What makes AutoResearch different from ordinary “agentic” coding or hyperparameter search?
Why does the transcript emphasize a fixed time budget for experiments?
What are the three file roles (program.md, train.py, prepare.py) and why does each matter?
In what kinds of tasks does the transcript claim AutoResearch can work well outside ML?
When does AutoResearch fail or become unreliable?
Review Questions
- How does locking prepare.py prevent the agent from producing misleading improvements?
- Why does time-boxing experiments matter for fairness and interpretability of results?

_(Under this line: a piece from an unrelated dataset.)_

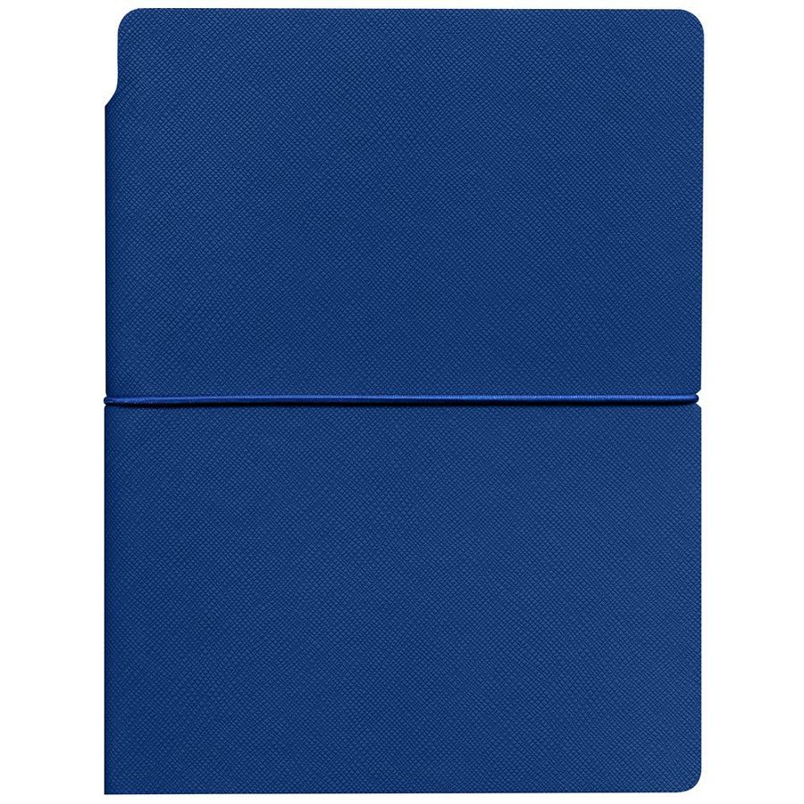 Ежедневник с гибкой обложкой выполнена из материала Nice Touch, синий и Latte, синий (внутренняя часть обложки), дополнен горизонтальной резинкой в цвет обложки. Внутри корешка — специальное место для крепления ручки размером до 15х1 см.
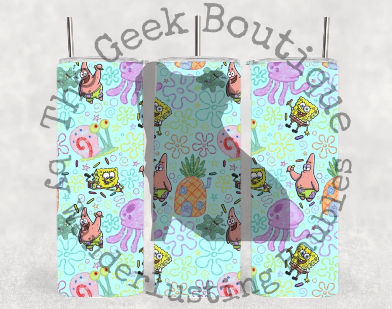 Sponge Starfish Pineapple Sea Life Cartoon Kids Tumbler

- Give one example of a task you could measure with a single scalar metric and outline what would correspond to program.md, train.py, and prepare.py.
Key Points
- 1
AutoResearch runs an autonomous experiment loop that keeps only changes that improve a single locked metric and discards the rest.
- 2
A strict file separation—program.md (rules), train.py (only editable), and prepare.py (locked scoring)—prevents metric gaming.
- 3
Time-boxing experiments makes results comparable by ensuring each attempt gets the same compute budget.
- 4
The method generalizes beyond ML when outcomes can be reduced to an objective scalar metric with automated evaluation.
- 5
Tasks with subjective success criteria (e.g., UX or brand design) are poor fits because the agent can’t reliably judge “better.”
- 6
A bad metric can cause the system to optimize the wrong objective while still reporting improvement.
- 7
A practical first loop can be built by benchmarking a baseline (e.g., via Puppeteer) and then running a metric-driven program.md experiment loop to iteratively reduce load time.